Ну а в академии тянулись «трудовые будни» и «подвиги». Художники даже диссертации защищали. Я не оговорился. В ту пору среди представителей «творческих дисциплин» было принято защищать диссертации по картинам или скульптурам. Художник (обычно после аспирантуры) писал картину или лепил статую, сочинял «реферат» (рефераты писались обычно женами художников, которые, как правило, учились на нашем ФТИИ). Произведение устанавливали в зале заседаний, его обсуждали, выступали оппоненты, потом присуждалась ученая степень. Руководители академии — Александр Михайлович Герасимов, Матвей Генрихович Манизер и другие — изредка появлялись на наших заседаниях, принося с собой сытую и многозначительную уверенность московских начальников — классических пассажиров «Красной стрелы».
Герасимов — президент Академии художеств — выступал с обычными заклинаниями касательно соцреализма, хотя речь его порой была занимательна и даже не лишена остроумия.
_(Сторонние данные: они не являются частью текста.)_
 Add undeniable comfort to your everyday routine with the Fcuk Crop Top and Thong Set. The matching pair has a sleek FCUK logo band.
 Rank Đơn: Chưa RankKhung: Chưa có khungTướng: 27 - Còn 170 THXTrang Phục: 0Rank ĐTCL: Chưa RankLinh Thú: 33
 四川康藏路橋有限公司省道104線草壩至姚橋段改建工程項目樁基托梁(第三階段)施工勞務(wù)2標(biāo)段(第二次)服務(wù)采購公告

Про него рассказывали, что как-то, когда ему почтительно заметили: «Александр Михайлович, у вас ширинка расстегнута», он ответил: «Да ладно, там, где покойник, всегда окна открывают».
Во мне же, после созерцания высокого академического начальства, проснулось некоторое свободомыслие. Надо еще раз напомнить: я был юношей робким, и уж если начал фрондировать, значит подсознательно понимал, что можно особенно не бояться. Даже стал писать для себя вариант флоберовского «Лексикона прописных истин». После встречи с Герасимовым: «Президент. Ненавидеть, встречать аплодисментами».
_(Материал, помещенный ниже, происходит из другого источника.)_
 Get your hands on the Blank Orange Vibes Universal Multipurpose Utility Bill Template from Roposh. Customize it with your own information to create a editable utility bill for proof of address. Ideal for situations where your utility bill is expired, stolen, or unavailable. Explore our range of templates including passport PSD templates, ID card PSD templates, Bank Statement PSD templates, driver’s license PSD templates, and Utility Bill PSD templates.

Наивное фрондирование не довело меня до добра. Потеряв представление о реальности, а заодно и о приличии, я, увлекшись сатирическим пафосом, написал в стенгазету разухабистые стихи о девице по имени Аида, носившей слишком легкомысленную юбку:
Судьба, впрочем, наказала меня не за официозное ханжество, неведомо почему вдруг во мне взыгравшее, и не за лютое дурновкусие, а за «смелость», которой я вовсе не отличался. Стишки были сочтены «вольнодумными», и из райкома комсомола пришел гэбистского вида господин с тусклыми глазами. Он провел со мной беседу, напоминавшую вялый допрос. Я верноподданно и смертельно трусил, был липким от страха, но, кажется, держался относительно пристойно. Меня отпустили с миром, и больше я в стенгазету не писал.
Очень робко начинали открываться непривычные выставки. В фойе кинотеатра «Художественный» устроили выставку Льва Богомольца, дерзкого по тем временам живописца, — огромные, яркие, слегка декадентские, даже формалистические отчасти цветы — этакие усталые и томные маки. Народ, что называется, ломился — тихая провинциальная сенсация.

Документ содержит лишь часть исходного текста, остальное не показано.